The focus of dark sources, as the focus of light sources, has been shifting in recent years, according to new research.
“The main reason has been that the focus on light has been declining,” says Matthew Hsu, professor of applied mathematics and statistics at the University of Washington in Seattle, who was not involved in the research.
Hsu’s research is the first to quantify the shift in focus, focusing on light sources that have become less visible to the naked eye, such as LEDs and laser lights.
In the past, it was common to think of light as a continuous stream of photons passing through an opaque material like glass or a film.
But with the advent of the digital camera, cameras have also become more capable at capturing light and capturing more of it.
“Light is the same thing as energy, so we need to understand the physics of light,” Hsu says.
HSU’s research shows that even the simplest light sources are capable of producing an effect called phase shift, which is the shift between two different wavelengths of light.
For instance, when a light beam passes through a film of paper or a glass, it creates a different pattern of wavelengths.
Hsus researchers looked at the brightness of light from different light sources and found that the brightest light from LED lights produces phase shift at wavelengths as low as 400 nanometers (nm).
This is roughly the wavelength of a single human hair, which can be found in the wavelength range of 300 nanometers to about 1,200 nm.
In fact, the wavelength that makes the best use of LED light is about 600 nm, or about a half-millionth of a wavelength, and the wavelength shift is much more powerful than that.
The researchers also found that these light sources also produce phase shifts at much higher wavelengths, about 3,000 nm, which make them more useful as light sources for low-power lasers.
“They make light beams very fast, so they are also very easy to use,” says Hsu.
Huanqiu Tang, an assistant professor of electrical engineering at the Massachusetts Institute of Technology in Cambridge, has studied LED light sources before.
He has shown that the brightness changes from different sources can be useful for identifying the source.
Tang says phase shift is important because it gives a more precise idea of what the source is made of.
“In this case, it is not just a matter of what material is being reflected,” he says.
“It is also important to know the nature of the light, the direction of the radiation, and how the light is absorbed.”
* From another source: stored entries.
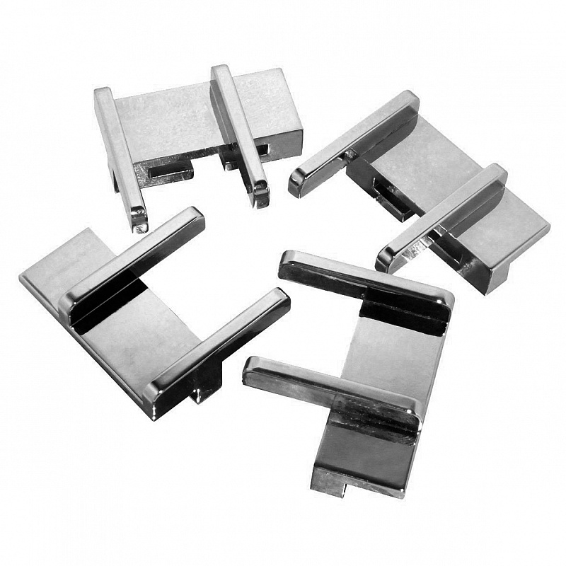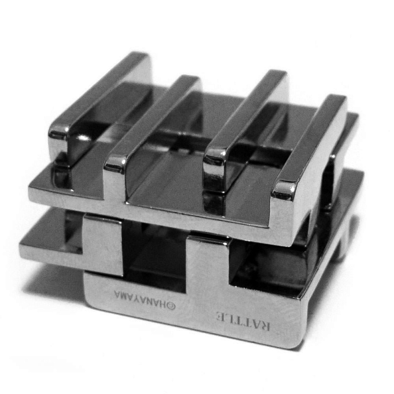 8+.Четыре элемента одинаковой формы достаточно свободно сцеплены между собой. Элементы головоломки едва держатся друг за друга и кажется, что можно очень легко ее разобрать. Однако разгадать тайну головоломки не так-то просто, а внешний вид не дает ни малейшего намека на решение. Задание: необходимо разделить головоломку на 4 части и затем снова ее собрать. Размер головоломки: 4х3,8х2,6см
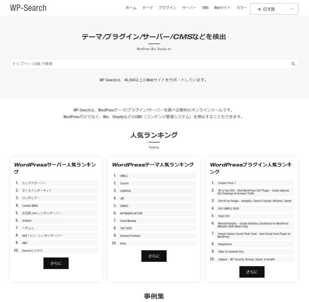 「WP-Search」もも利用されているワードプレスを調べるための検索サイトですが、貴重な日本語サイトになっています。
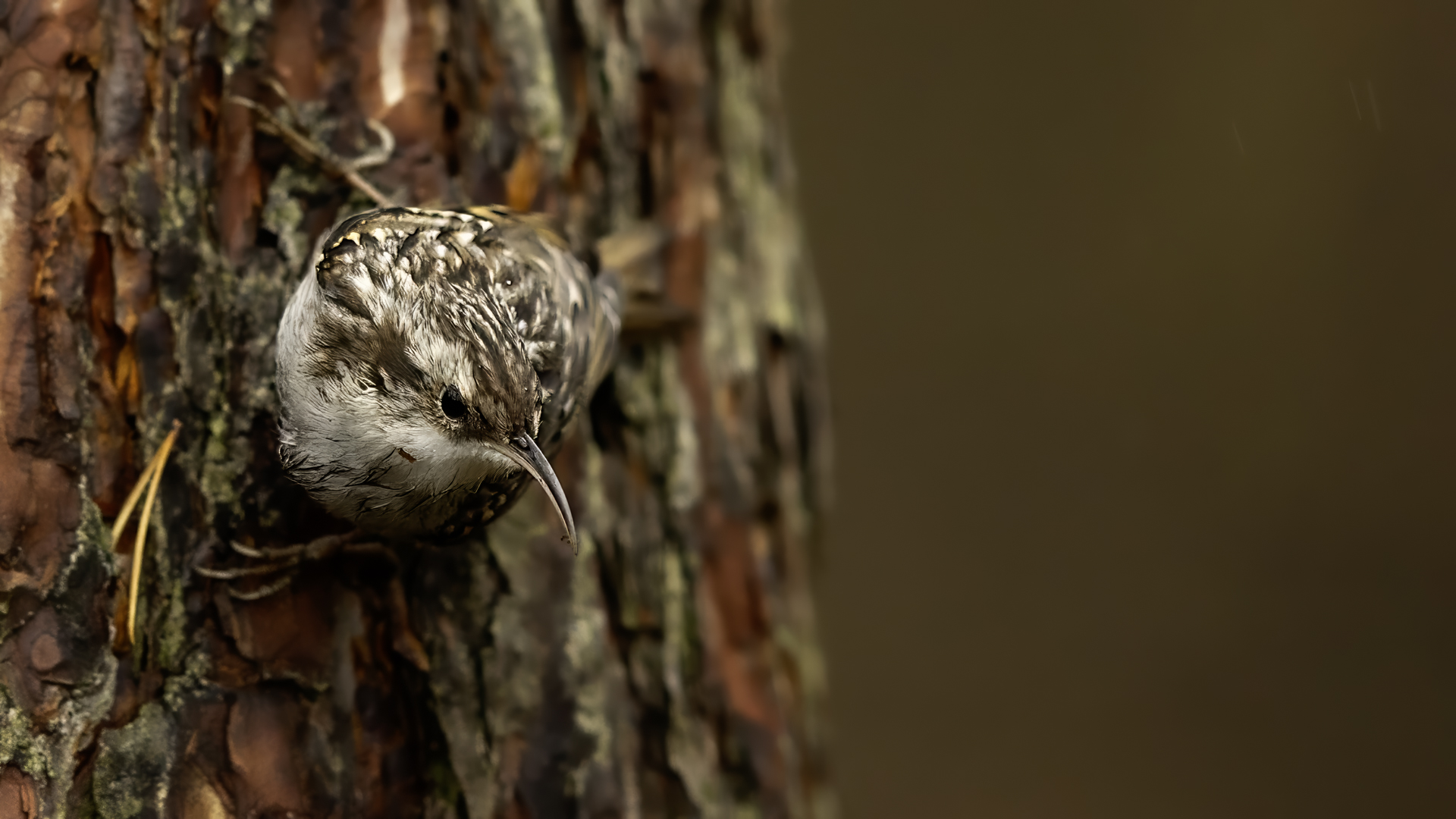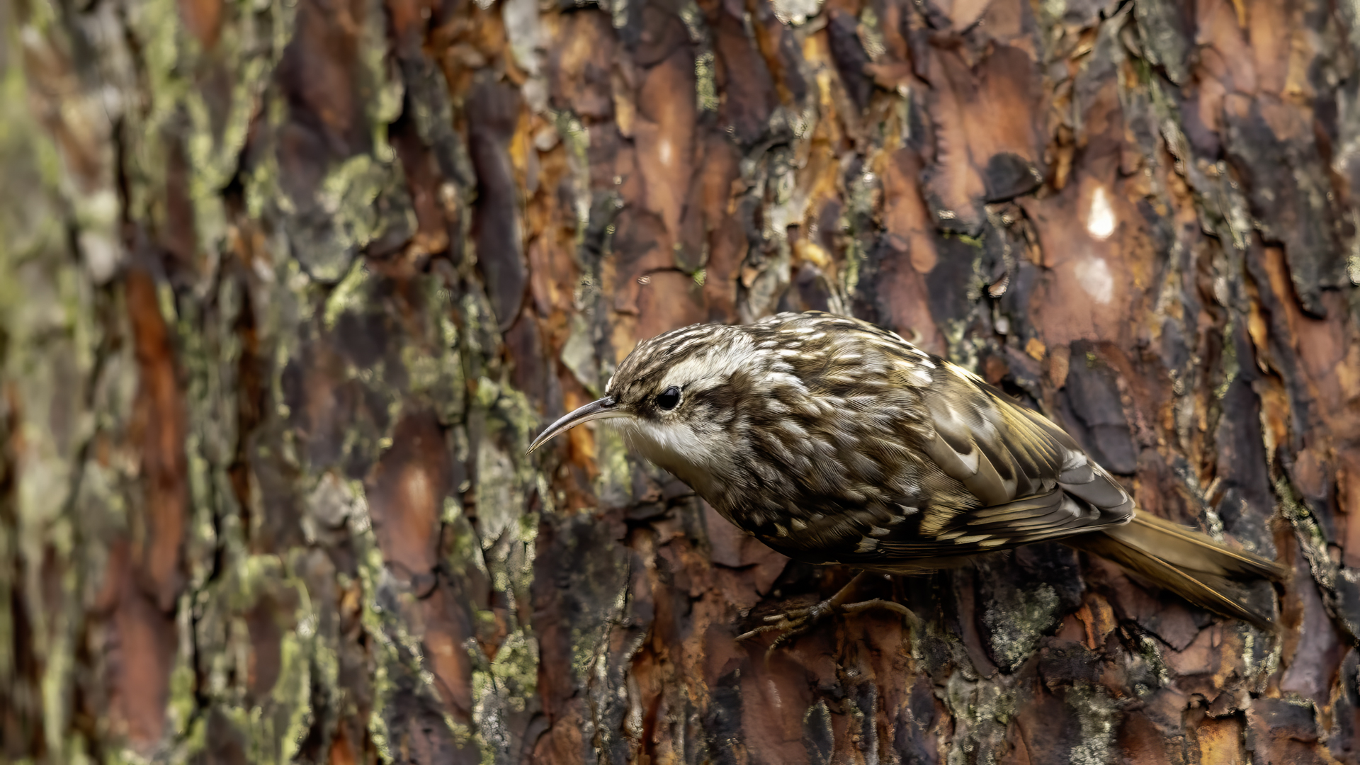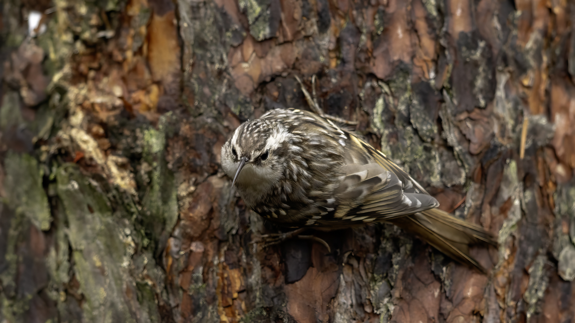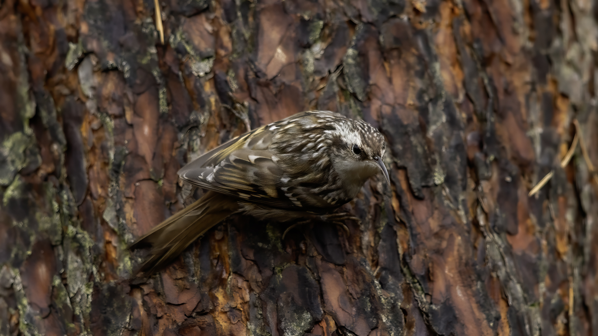 Personally, distincting an Eurasian Treecreeper from a Short-toed Treecreeper is a challenge for me. That is why the description of both of them is of the same contents. According to literature an Eurasian Treecreeper most commonly appears in Europe and Asia, while a Short-toed Treecreeper, more thermophilic, inhabits Europe, specifically its Mid and Southern part. Fundamentally, they differ by the length of the rear claw and it would be best if they simply sat beside each other to make the task that much easier. I assume that the Short-toed is more common in Europe, that's the reason for my qualification of this species. Because Treecreeper does not migrate during the winter, time of impoverishment of the species in the forests, we can focus our attention on it. It is interesting to photograph the Treecreeper in a frost of a dozen degrees. Silence, it almost squeals through your ears, no sounds and in such surrounding you can hear almost piercing scratching on a bark. And as the crackling frost strenghtens voices it also strenghtens our notion of what is out there sitting in the woods. Pupils expand, not sure if it's from concentration and looking out or from dread. And here sits a little, 10 grams cleaner, cleaning the bark from insects. In such conditions, with subtle moves it is not even worth masking. After a while in the frost a Treecreeper ought to reward our sanguineous nose. Let's hope the battery and the camera's body will hold...

The researchers found that LED light could be used to measure the distance between a light source and a material.
In a recent paper, Tang and Hsu analyzed the spectral signatures of different types of LEDs, including LED bulbs, LED displays, and LEDs that emit light from two sources simultaneously.
They found that when the intensity of the LED light changes, the spectral signature changes as well.
The authors found that light emitted from a single LED can be used for phase shifting, while the light emitted by multiple LEDs can be a good measure of distance.
In other words, the light from multiple LEDs will produce phase shift even when there is no source.
The study also found a strong correlation between the brightness and phase shift of different LED lights.
For example, when the brightness is high, the phase shift becomes less intense as the distance increases.
This is consistent with a theory of quantum optics, in which light waves that travel through a medium have an intrinsic shape, known as the curvature of space, that determines the speed at which light travels.
“When the curvatures are large, it can affect the way light moves through a material,” Tang says.
The findings were published today in the journal Optics Letters.
The team also discovered that the intensity changes with distance, so that the light with higher intensity has more phase shift.
“We are trying to understand how the quantum properties of light can be controlled,” Hsuses says.
For more about the research, check out this video by the National Science Foundation.
Hsin Chen, a research fellow at the National Center for Atmospheric Research, led the study.
Chen has studied optical effects such as optical phase shift for a decade.
In 2010, he and his team published a paper in the Proceedings of the National Academy of Sciences that showed that the quantum effects of light caused by photons could have important implications for the development of low-cost and efficient light-emitting devices.
“These optical effects can have important applications in quantum information technology,” Chen says.